神経画像技術により認知症診断を高速化（Diagnosing dementia: Neuroimaging technique could speed detection）

2026-04-09 イェール大学

＜関連情報＞

• https://medicine.yale.edu/news-article/diagnosing-dementia-neuroimaging-technique-could-speed-detection/
• https://alz-journals.onlinelibrary.wiley.com/doi/10.1002/alz.71283

行動型前頭側頭型認知症におけるシナプス密度イメージング：18F- SynVesT-1と18F -FDG PETの比較 Synaptic density imaging in behavioral variant frontotemporal dementia: A comparison of 18F-SynVesT-1 and 18F-FDG PET

Arman Fesharaki-Zadeh, Salih Cayir, Waleed Ibrahim, Yanghong Yang, Jean-Dominique Gallezot, Mika Naganawa, Yanjun Wu, Takuya Toyonaga, Faranak Ebrahimian Sadabad, …
Alzheimer’s  & Dementia  Published: 09 April 2026
DOI:https://doi.org/10.1002/alz.71283

Abstract

INTRODUCTION

Synapse loss, a key feature of behavioral variant frontotemporal dementia (bvFTD), can now be visualized in vivo using positron emission tomography (PET) that targets synaptic vesicle glycoprotein 2A (SV2A).
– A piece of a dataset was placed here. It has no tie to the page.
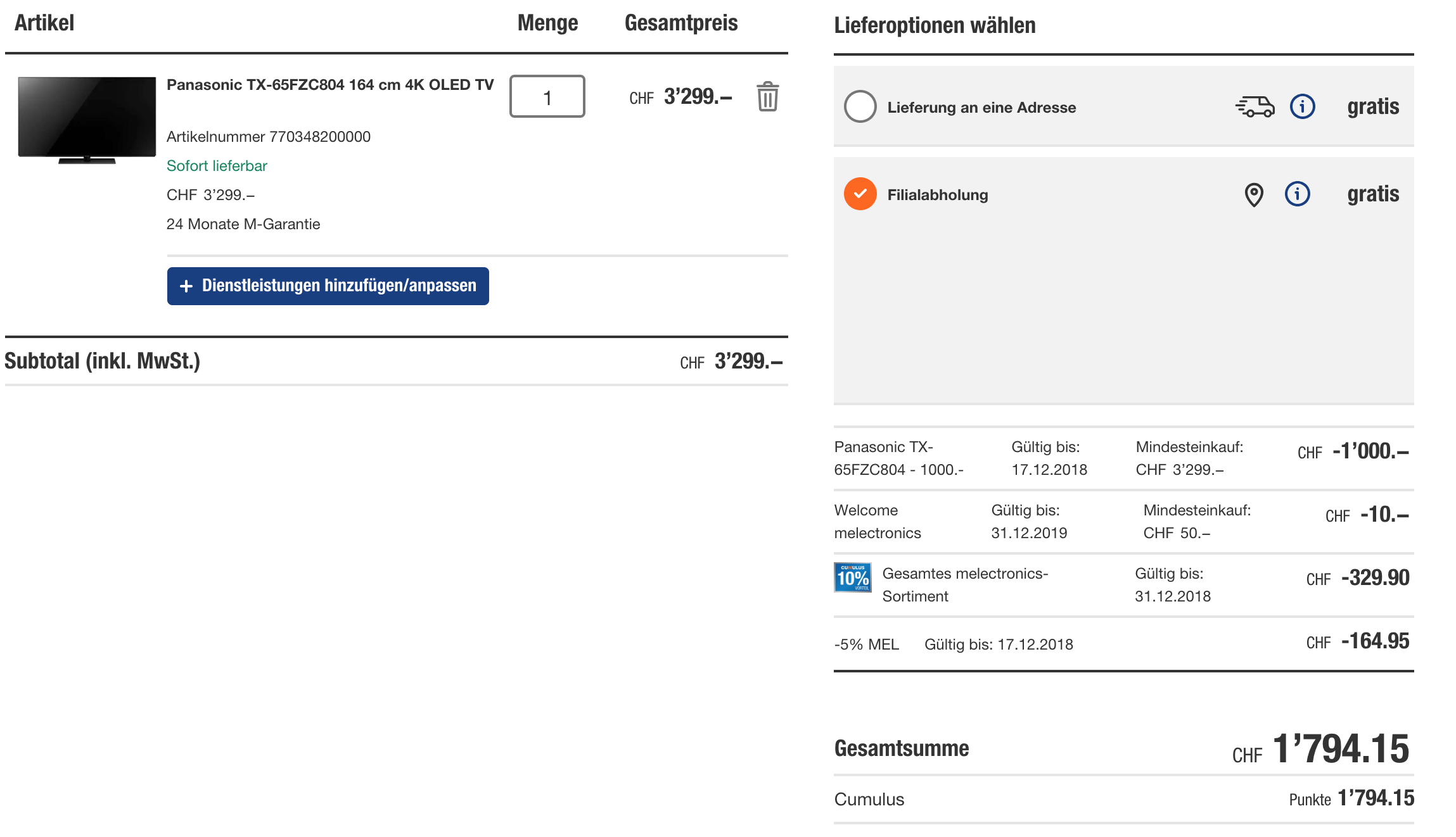 Bei melectronics gibt’s den 65″ OLED TV von Panasonic zum unschlagbaren Preis von CHF 1794.15 dank Cumulus-Vorteil und Gutscheincodes.

Comparing this new imaging method with the clinical standard of glucose metabolism using ¹⁸F-fluorodeocyglucose (¹⁸F-FDG) PET might improve diagnostic accuracy and disease monitoring in bvFTD.

METHODS

We measured synaptic vesicle glycoprotein 2A (SV2A) binding using ¹⁸F-SynVesT-1 PET and glucose metabolism with ¹⁸F-FDG PET in 10 patients with bvFTD and 10 age-matched healthy controls.

RESULTS

SV2A binding was significantly lower in the frontal and temporal cortices, anterior cingulate, and insula in bvFTD patients, with more widespread and pronounced differences than those observed with ¹⁸F-FDG PET. SV2A binding in the frontal cortex and insula significantly correlated with the Frontal Assessment Battery scores.

DISCUSSION

Our findings suggest that, in bvFTD, the degree of lower synaptic density, as measured by SV2A PET, is larger than the degree of hypometabolism as measured by ¹⁸F-FDG PET. SV2A imaging demonstrates considerable promise as a new in vivo biomarker for bvFTD.

Highlights

• Synaptic density positron emission tomography (PET) imaging using a protein abundantly expressed in virtually all synapses enables in vivo quantification of synapses and offers a direct window into synaptic pathology.
• Although ¹⁸F-fluorodeocyglucose (¹⁸F-FDG) PET is widely used in clinical practice to assess regional brain metabolism in behavioral variant frontotemporal dementia (bvFTD), it does not directly measure synaptic density and can be confounded by glial activity and other non-neuronal signals.
• This study provides the first direct comparison of synaptic vesicle glycoprotein 2A (SV2A) PET using ¹⁸F-SynVesT-1 and ¹⁸F-FDG PET in the same individuals with bvFTD
• Lower synaptic density was more pronounced than metabolic reduction across all bvFTD-affected regions and showed stronger correlations with executive dysfunction.
• These findings support SV2A PET as a sensitive biomarker in bvFTD, with strong potential for use in early diagnosis, progression tracking, and clinical trials targeting synaptic integrity.